Each board maintains a separate ProcessorQueue for each board to which it may 
send messages, and maintains an acknowledgment cell 52 for each board from 
which it expects to receive messages. For example, processor queue 26 of 
processor 1 is for sending messages to processor 2, and processor queue 40 of 
processor 2 is designated for sending messages to processor 1 (FIG. 2). 

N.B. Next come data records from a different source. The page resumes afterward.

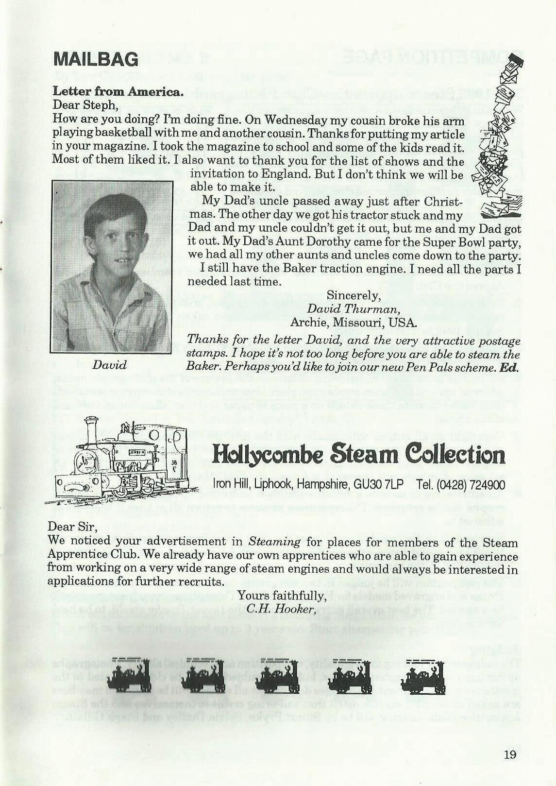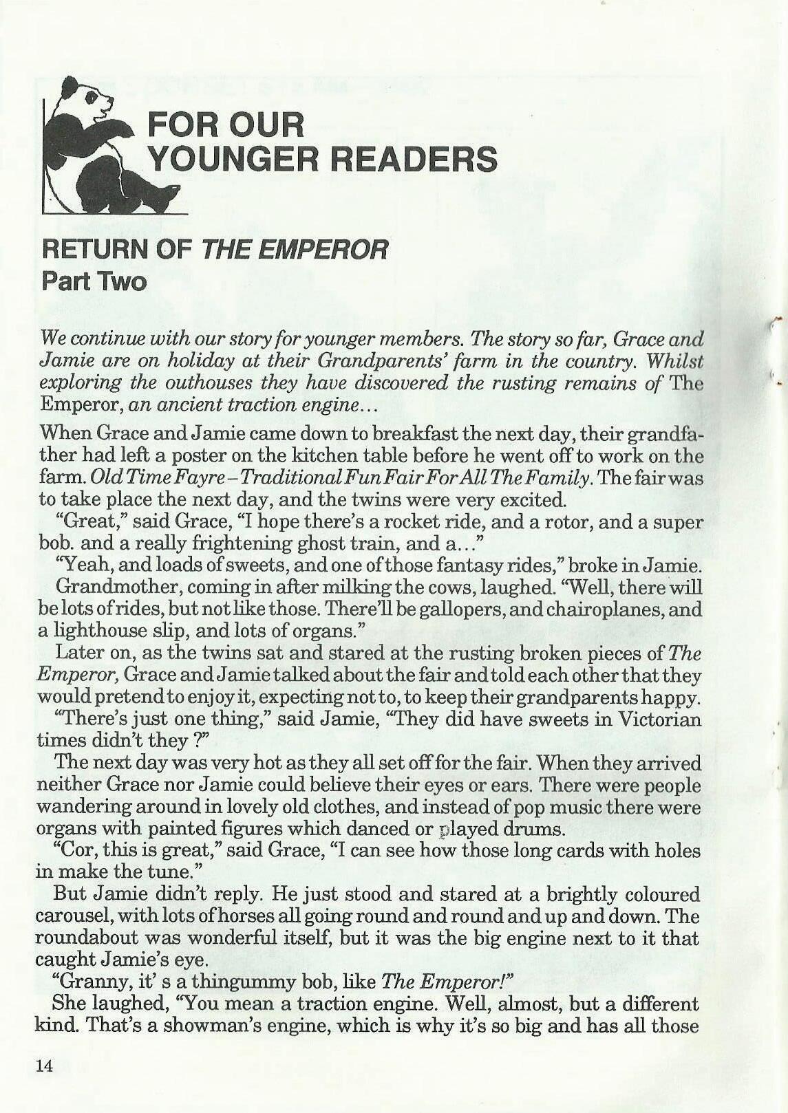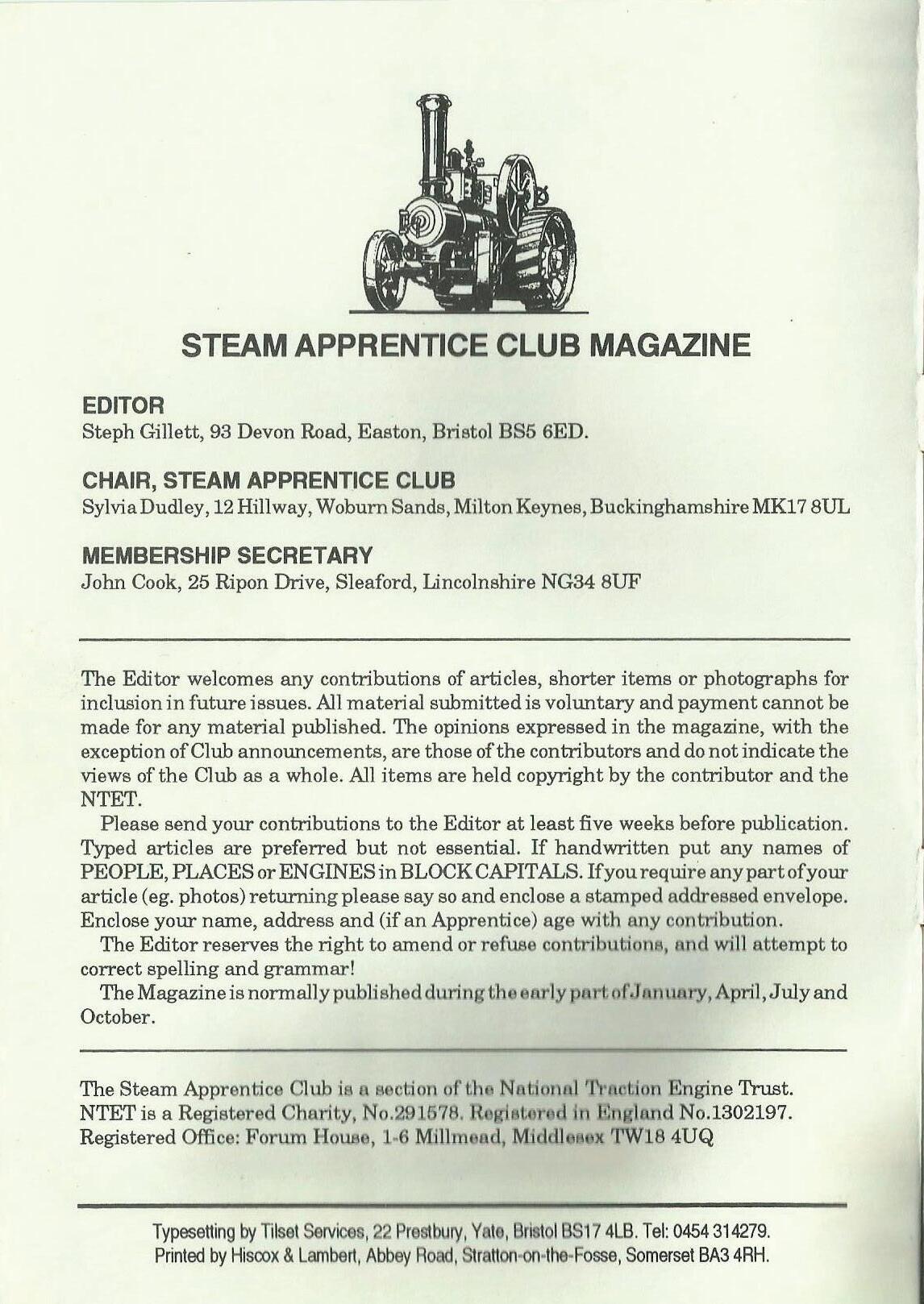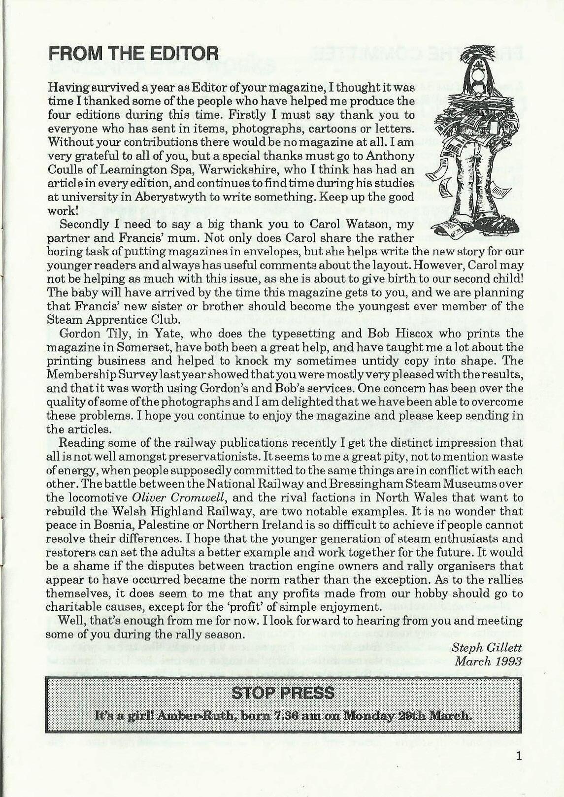 Secondly I need to say a big thank you to Carol Watson, my partner and Francis' mum. Not only does Carol share the rather boring task of putting magazines in envelopes, but she helps write the new story for our younger readers and al ways has useful comments about the layout. However, Carol may not be helping as much with this issue, as she is about to give birth to our second child! The baby will have arrived by the time this magazine gets to you, and we are planning that Francis' new sister or brother should become the youngest ever member of the Steam Apprentice Club.
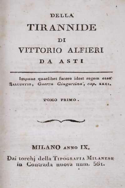 Della tirannide di Vittorio Alfieri da Asti. Tomo primo e tomo secondo
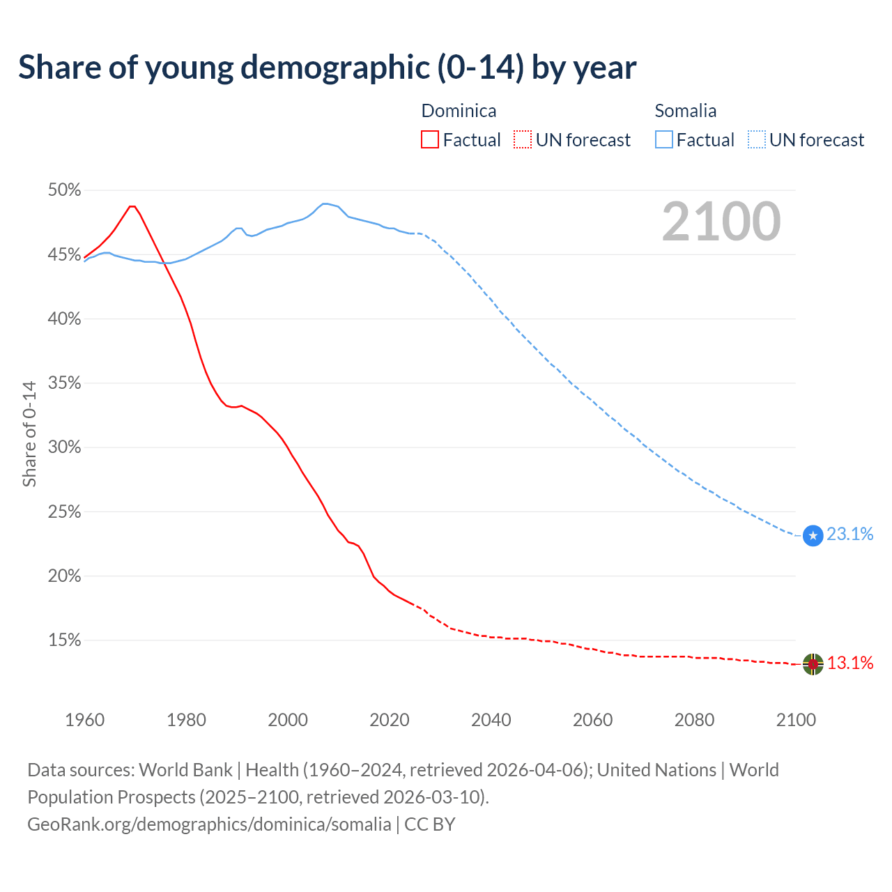 - The share of young demographic (0-15 years old) in Dominica is 17.9% vs 46.6% in Somalia.
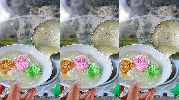 Siraman kuah santan hangat serta gula merah digunakan sebagai pemanis tambahan untuk jajanan ini. (2)
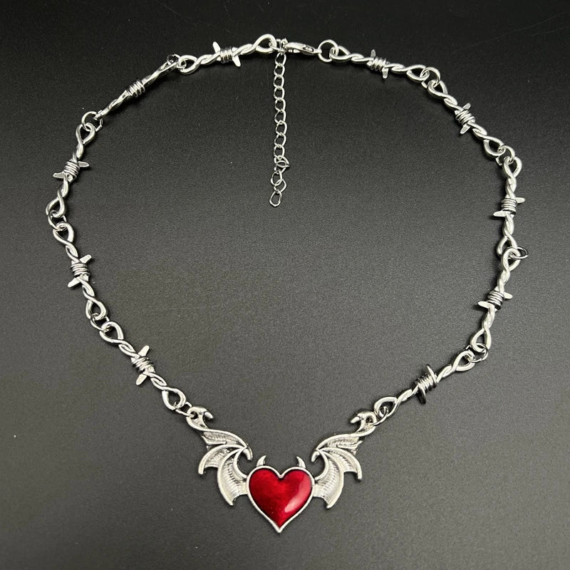 Aesthetic Goth Devil Heart Barbed Wire Choker Necklace – Punk Hip Hop Y2K Vampire Jewelry
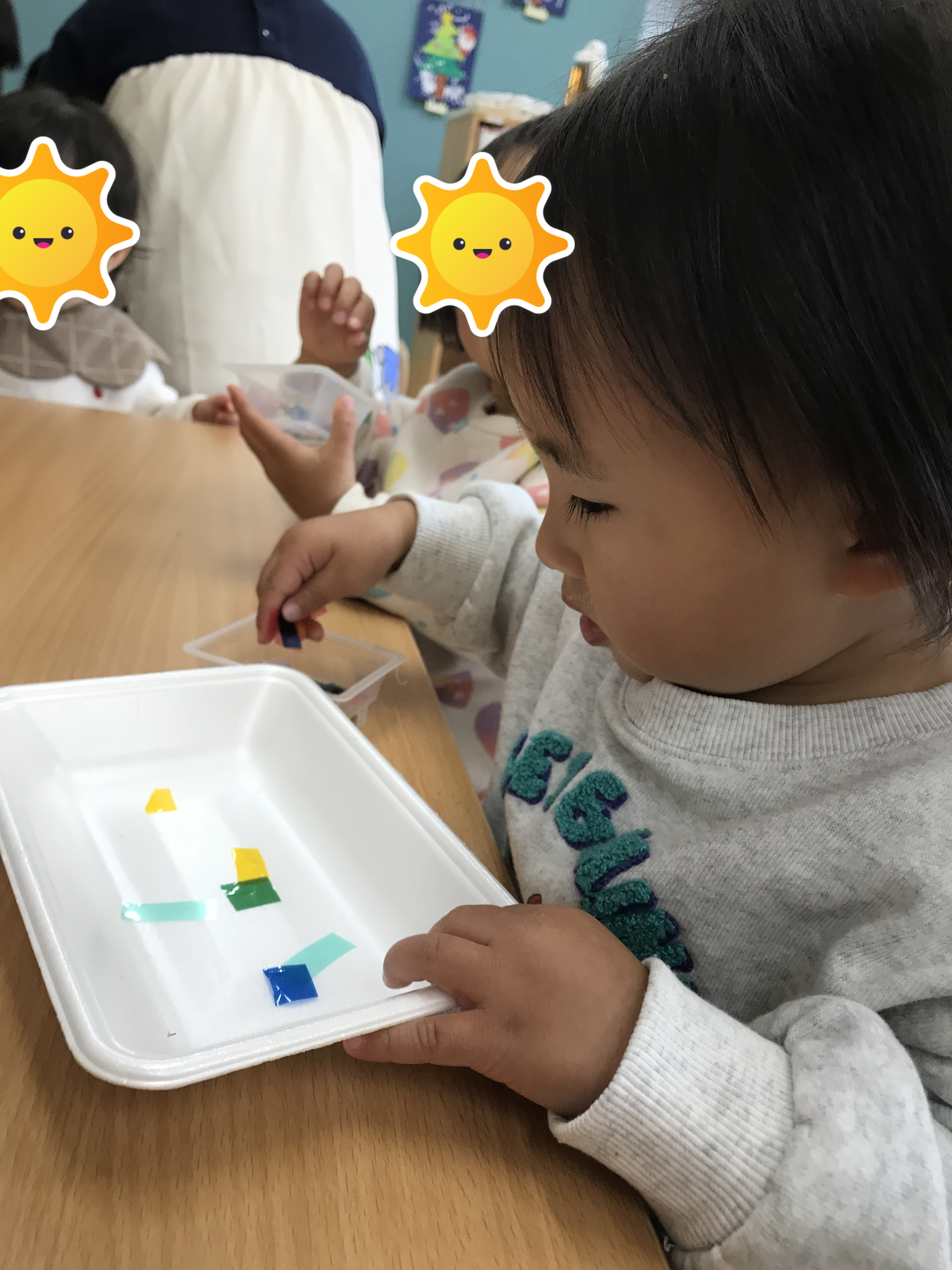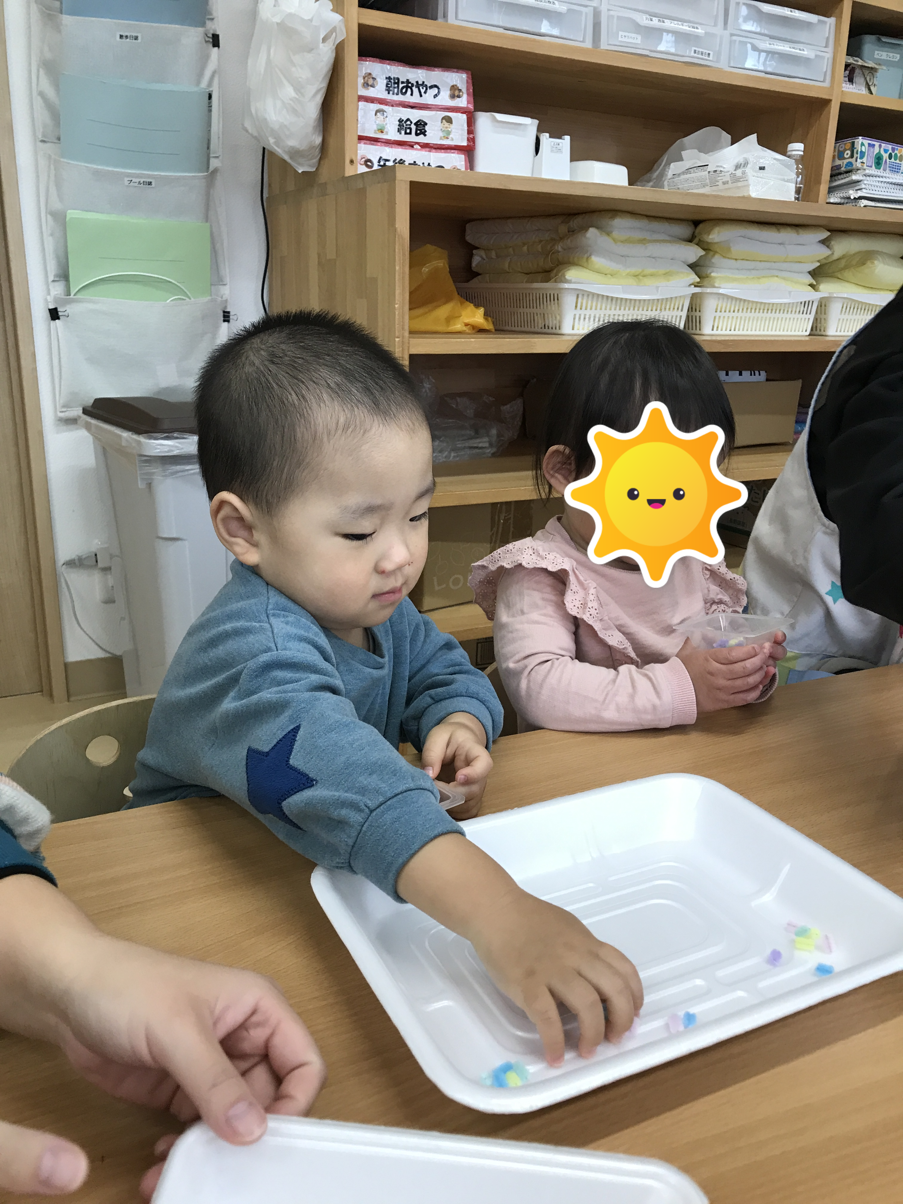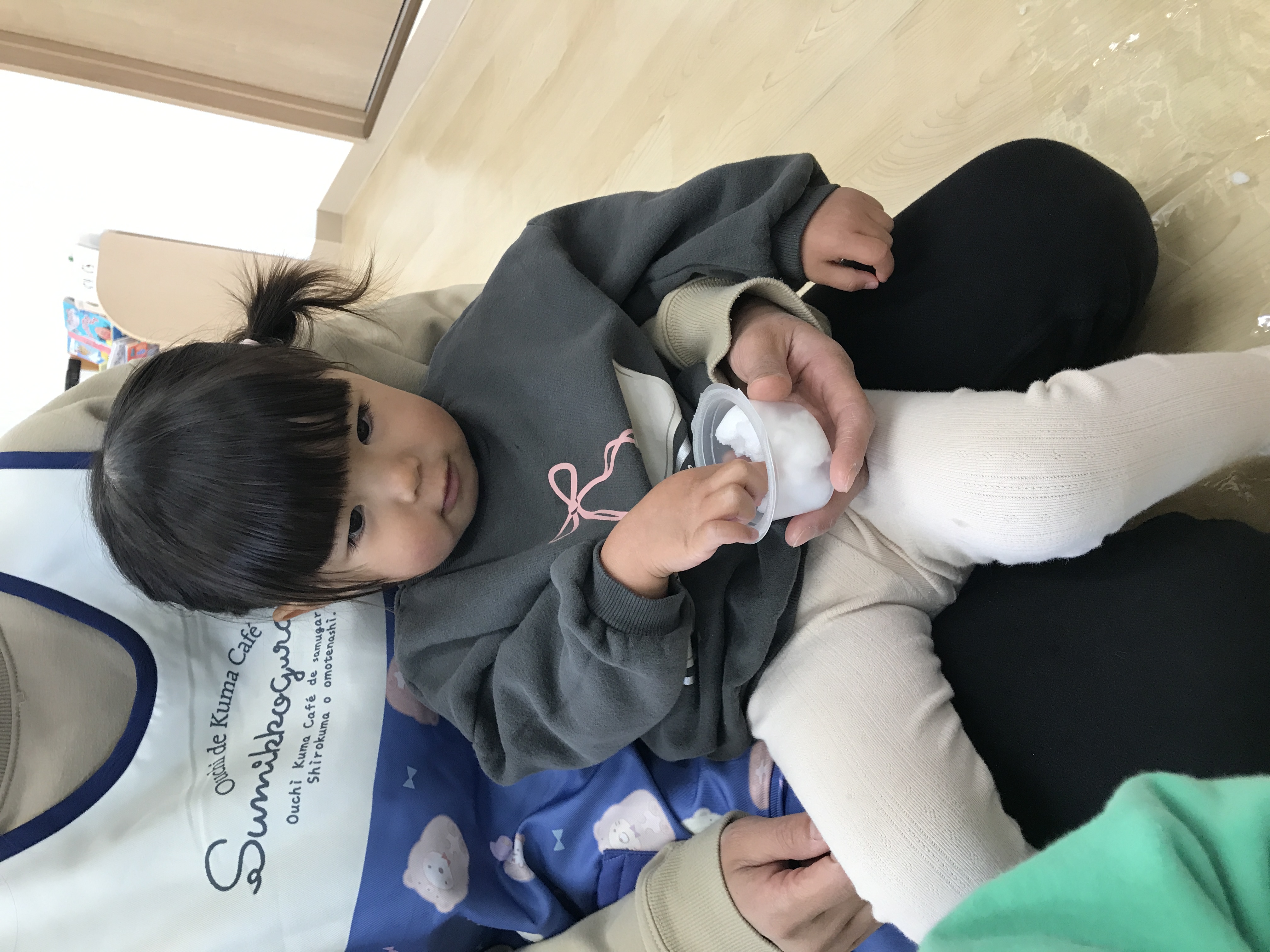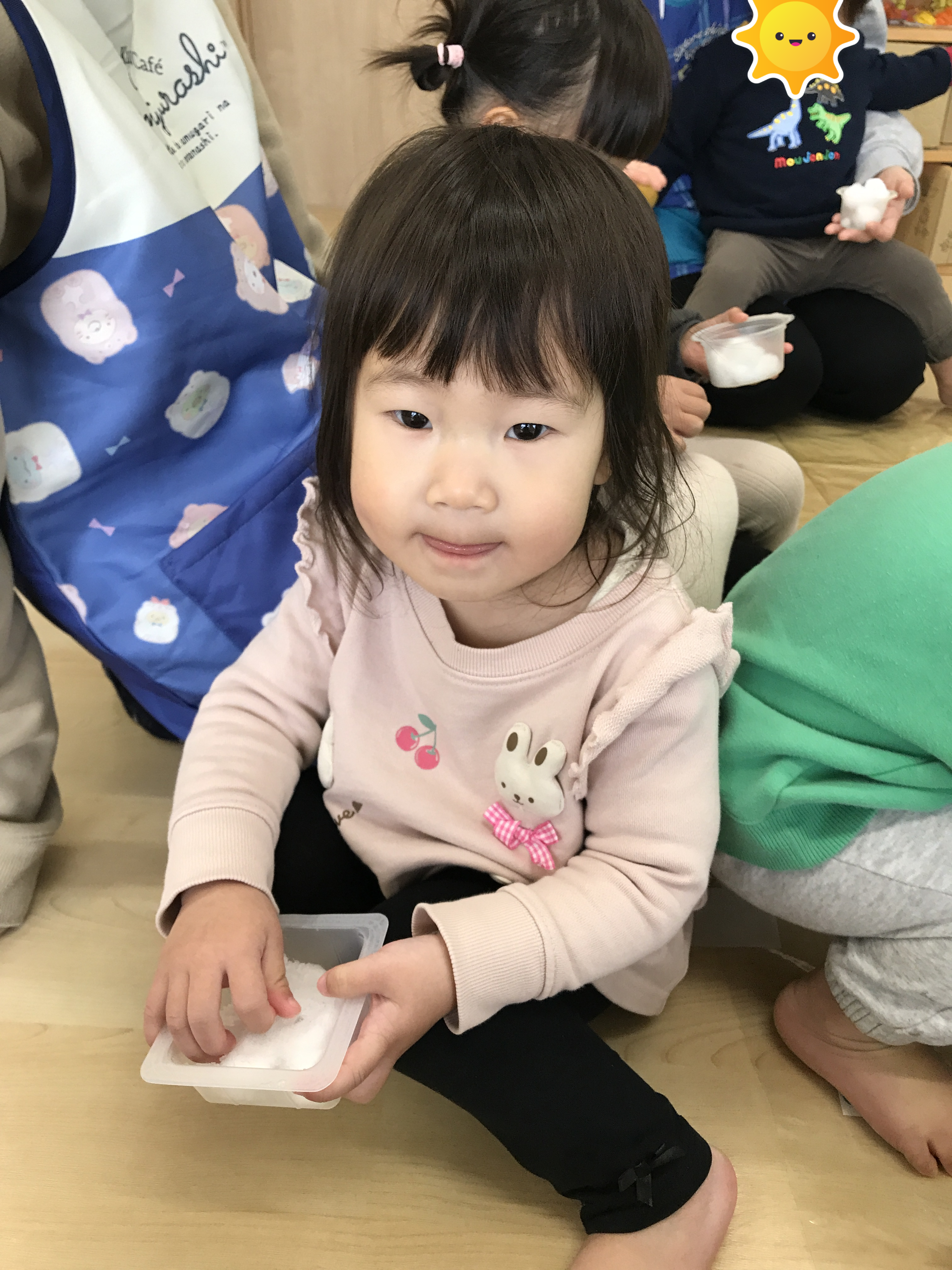 冷たい雪を触ることにちょっぴり抵抗する子もいましたが、カップに入れた雪を保育者がツンツンとすると、興味を示して触ってみようとする子もいました😆

Steady State Operation of the IPC daemon 

FIGS. 4-6 show the three functions that the IPC daemon on each board 
connected to the VMEbus performs periodically. Referring to FIG. 4, the SEND 
operation 60 starts with a determination as to whether the daemon queue of the 
sending board is empty (step 62). If not, the next message from the daemon queue 
is retrieved at step 64. If the daemon queue is empty, the SEND procedure ends. 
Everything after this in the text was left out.